Sunshine for the Super-Committee?

The legislation creating the “Joint Select Committee on Deficit Reduction” (AKA, the “Super-committee”) contains little detail on rules and procedures that the Super-committee is to follow.  Title IV of the Act establishes the Super-committee and provides for public notice of its hearings, but is otherwise silent on how much of its processes are to be open to the public.

However, as John Wonderlich of the Sunlight Foundation pointed out to me, House Rule X(10)(b) provides that “[e]ach select or joint committee, other than a conference committee, shall comply with clause 2(a) of rule XI unless specifically exempted by law.” The legislation establishing the Super-committee does not exempt it from the requirements of either Rule X or Rule XI.

Does this mean that the Super-committee is bound to follow the requirements of House Rule XI(2)(a)? It is not clear how the House’s rules could impose a requirement on a joint committee established by law. On the other hand, it could be argued that the language of House Rule X(10)(b) is part of the background rules for formation of a joint committee, and the failure of the legislation to specifically exempt the Super-committee from those rules evinces an intent that they be followed.

An alternative argument might be that the House Members of the Super-committee are bound to seek compliance with the requirements of House rules regarding joint committees. Title IV(c)(2) of the legislation provides that “Members on the joint committee who serve in the House or Representatives shall be governed by the ethics rules and requirements of the House.” Although procedural requirements of committees are not normally what one thinks of as “ethics rules,” the Code of Official Conduct (Rule XXIII) does require that a Member “adhere to the spirit and the letter of the Rules of the House and to the rules of duly constituted committees thereof.” One might argue that this indirectly obligates the House Members on the Super-committee to treat the House Rules regarding joint committees as a form of instruction. Cf House Practice, ch. 13, §11 (instructions to House managers of conference committee).

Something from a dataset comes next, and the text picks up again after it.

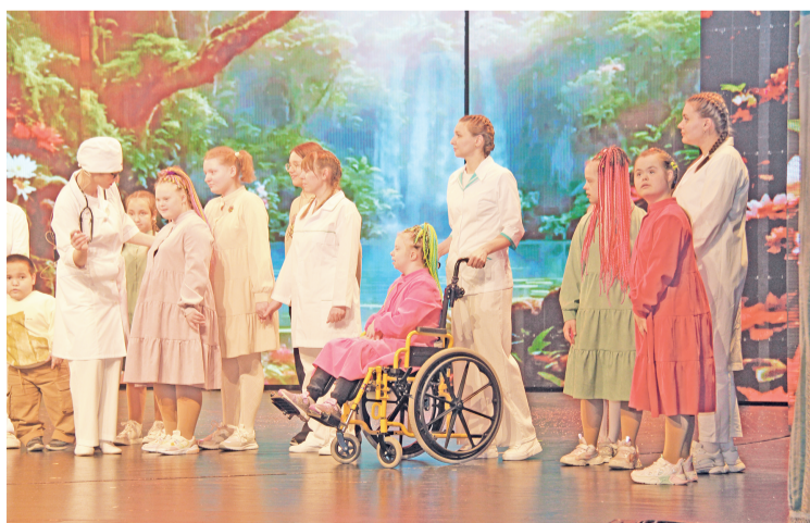
Герои спектакля «Крик из темноты» – участники проекта «Инклюзивная театральная лаборатория «В ритме»».

If the House Rules regarding joint committees are either directly or indirectly applicable to the Super-committee, then several significant requirements come into play. First, under Rule 2(a)(1)(A), the Super-committee would be required to adopt written rules in a public meeting (“unless the committee, in open session and with a quorum present, determines by record vote that all or part of the meeting on that day shall be closed to the public”).

Even more significantly, the rules adopted by the Super-committee “may not be inconsistent with the Rules of the House” and must “incorporate all of the succeeding provisions of [Rule XI, clause 2] to the extent applicable.” Among the provisions of clause 2 that would appear applicable are subsection (e)(1), which requires that records of committee actions be maintained and made available to the public, and subsection (g), which requires that all meetings and hearings are presumptively open, and may be closed only when the committee determines by record vote that “disclosure of matters to be considered would endanger national security, would compromise sensitive law enforcement information, would tend to defame, degrade or incriminate any person, or otherwise would violate a law or rule of the House.”

Whether these provisions apply could have a major impact on how the Super-committee conducts its business.